# COMPETITIVE BODYBUILDING - POWERLIFTING - ATHLETICS & SPORTS > BOXING / FIGHTING / WRESTLING >  Where do they get these guys from?

## catabolic kid

Most all of the guys on THE ULTIMATE FIGHTER look like punks. I am sure they are decent but out of all the people fighting MMA there is not anyone more qualified for the ufc. I just could not see that KENNY FLORIAN fighting in the UFC. ANd what about SAM and that kid JASON that got eliminated first, why did they choose him?

----------


## soo2bhuge

i agree. these guys are hardly the best in america. i train with guys 10x better. i think it's that they were aware of the fact that ufc was having auditions and let's not forget that these auditions took place at major cities. not everybody is checking out ufc.tv every day and many weren't aware. i went to the pride auditions in la in november and the guys there for awesome compared to the ultimate fighter guys.

----------


## Panzerfaust

You must also remember that alot of the guy's that tried out or got the parts actually train with established MMA camps.

I know Chris Brennan, Carlos Newton and Randy Couture had guys trying out. I also agree that these are not the "cream" of the crop but what can you do, ZUFFA can **** up a cup of coffee.

----------


## soo2bhuge

> You must also remember that alot of the guy's that tried out or got the parts actually train with established MMA camps.
> 
> I know Chris Brennan, Carlos Newton and Randy Couture had guys trying out. I also agree that these are not the "cream" of the crop but what can you do, ZUFFA can **** up a cup of coffee.

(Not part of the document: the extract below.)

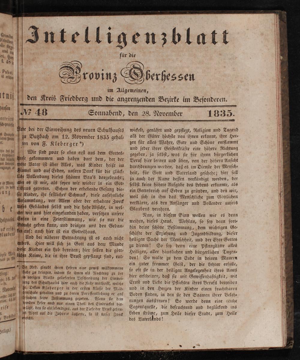 Intelligenzblatt für die Provinz Oberhessen. 1834-1834

that's true. chris leben is working for team quest now. he teaches classes for them and fights out of their camp.

----------


## Therocksbiggestfan

A lot of these guys on the show got put their because of three things

1. other better fighters who Dana white wanted failed drug tests

2. They knew Dana White and they had an in...example Alex K.'s sister went to college with Dana White and Dana owed Alex a friendly favor

3. Fighters already train with some of the coaches...Leban, and Nate both train with Randy and team Quest!!!!!

----------


## MMA

> Most all of the guys on THE ULTIMATE FIGHTER look like punks. I am sure they are decent but out of all the people fighting MMA there is not anyone more qualified for the ufc. I just could not see that KENNY FLORIAN fighting in the UFC. ANd what about SAM and that kid JASON that got eliminated first, why did they choose him?


i think you're missing the point. the goal wasn't to get the best fighters, it was to get personalities to promote their brand.

and your other comment about kenny florian...it was based on what? the fact that he is soft spoken? have you ever sen him fight? he is undersized (should fight at 155) but his skills are the best on the show, hands down, and his mental intensity is incredible. when he rolled with koschek, he tapped him 10 times in 10 minutes. dana was very impressed with him, and i'm sure he'll end up in UFC whether he wins the show or not.

----------